Rose Pastor, an impoverished Russian Jew, emigrated to the US in 1890 at age 11. With little formal education, she wrote articles and poetry while working as a cigar maker, eventually gaining a position as a reporter for a New York Yiddish newspaper. When assigned to interview Graham Phelps Stokes, a settlement house volunteer and a member of one of America's oldest, wealthiest families, the two fell in love, married, and lived out the American Dream, with houses in Connecticut and Manhattan. Both became socialists, working with and entertaining a wide range of radical, non-violent reformers, including Emma Goldman, Upton Sinclair, Margaret Sanger, Jacob Riis, W. E. B. DuBois, and Big Bill Haywood. Though both were committed, Rose's speeches, writings, and political activity overshadowed Graham. During the Great War Graham lost interest in radical endeavors and joined the New York National Guard, while Rose became a staunch supporter of Bolshevism. Diverging political philosophies led to divorce. Graham later became more conservative, living an opulent life, while Rose remained radical, lost economic security, and died in penury. This Cinderella-Prince-Charming metaphor, which does not end well, represents the widening divide the US faces today. Summing Up: Highly recommended. General readers through graduate students. --Duncan R. Jamieson, Ashland University

Copyright American Library Association, used with permission.
Review by Booklist Review

While names like Emma Goldman and Eugene V. Debs might have a familiar ring to history fans, Rose Pastor Stokes is one of the less-remembered figures of early twentieth-century America. Her rags to riches tale captivated her time, as this Russian Jewish immigrant living on the Lower East Side of Manhattan met and married James Graham Phelps Stokes, the son of one of New York's wealthiest families. With the sure hand of an experienced guide, award-winning author Hochschild (Spain in Our Hearts, 2016) takes readers through the socialist circles of New York City in the Progressive Era, from madcap heiress Mabel Dodge's salons to union leader Big Bill Haywood's multiple arrests, while chronicling the rise and fall of Rose Pastor Stokes' celebrity.
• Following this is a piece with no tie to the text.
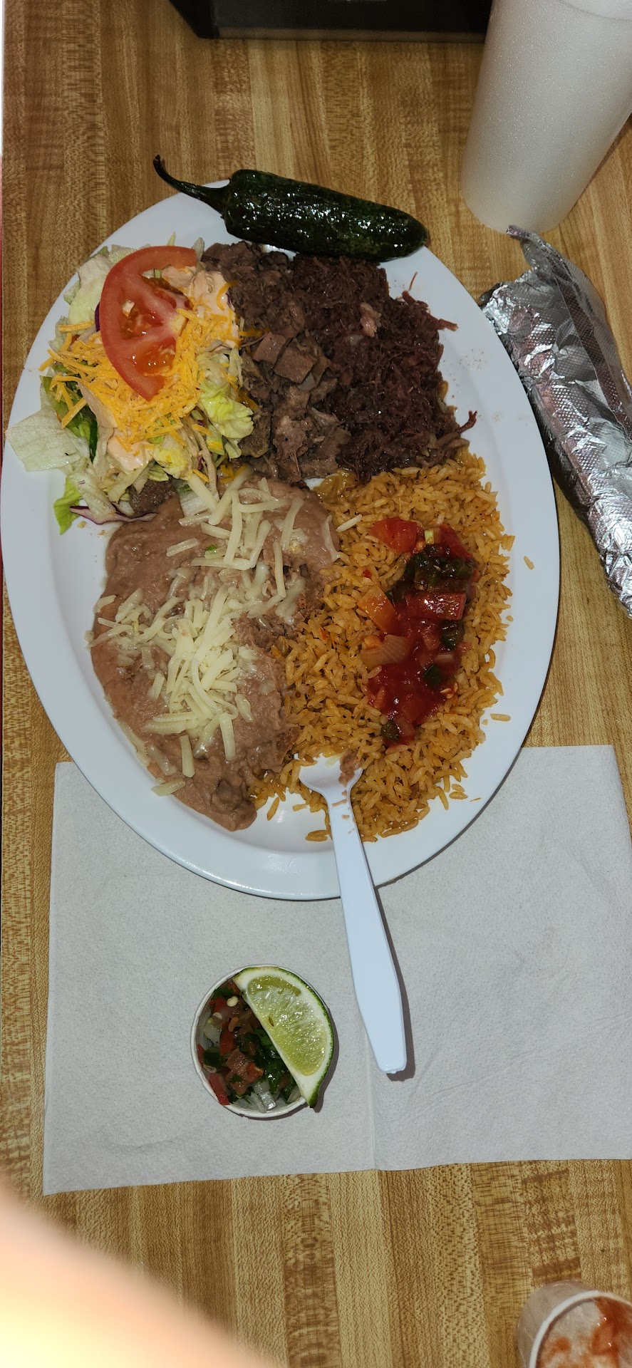 Read moreI categorized this place as a Mexican fast food restaurant. I ordered the combination plate that includes two meats, spanish rice, refried beans, and a choice of corn or flour tortillas. I chose barbacoa and lengua with the flour tortillas. My wife chose the taco plate, it comes with three choice of meat tacos, beans, and spanish rice. The tortillas are ok if you keep them wrapped up and don't open the foil. Once opened, they will turn hard slowly if not eaten in an ample amount of time. The rice is dry, bland, and tasted grainy/earthy. They do have very good drinks a variety. A very good assortment of salsa and / or chile sauces. Both plates had very good tasting meat. There was a limited amount of seating for the large incoming number of people, but I guess it was just fine for everyone. They have a drive up and plenty of parking space. If you bring kids that like Mexican food, it's a good place. I didn’t see any toddler or a child's menu. You order off an overhead board. They bring you the order to your table. The beans are ok. They just need some doctoring with the salsa bar. Great presentation on the plate. If you're in a hurry and very hungry, it may be worth a try, but not a sit back and relax kinda place. My opinion. The staff is friendly, attentive, and professional. They do take care of what you...

United in their commitment to socialism, the Stokeses went on speaking tours across America, as Rose attempted to balance her newfound wealth with her intense empathy towards the working class she had so recently departed. Hochschild's captivating and fast-paced biography is a true delight and an excellent addition to women's history shelves.--Alice Burton Copyright 2020 Booklist

From Booklist, Copyright (c) American Library Association. Used with permission.
Review by Publisher's Weekly Review

Historian Hochschild (Lessons from a Dark Time and Other Essays) delivers a polished and accessible biography of early-20th-century radical Rose Pastor Stokes. A Russian-Jewish immigrant, Rose went to work in a Cleveland cigar factory in 1890 at age 11. The experience sparked her interest in writing about labor rights and socialist politics, and in 1903 she took a newspaper job in New York City, where she met and married James Graham Phelps Stokes, a millionaire involved in the progressive settlement house movement. The couple's social circle included left-wing activists Eugene Debs, Margaret Sanger, and Upton Sinclair, and Hochschild provides captivating details about the 1909 N.Y.C. garment workers' strike, the International Workers of the World, and the American Birth Control League. Though Graham stood by his wife when she was convicted in 1918 for violating the Espionage Act (she claimed the U.S. government served "profiteers" rather than "the people"), disagreements over the Soviet Union (Rose was a founding member of the Communist Party of America) and American involvement in WWI caused the marriage to unravel. The depth and richness of Hochschild's portrait is somewhat compromised by his commitment to the reductive Cinderella trope, but few histories capture the era's combustible mix of idealism and inequality better. Agent: Georges Borchardt, Georges Borchardt. (Mar.)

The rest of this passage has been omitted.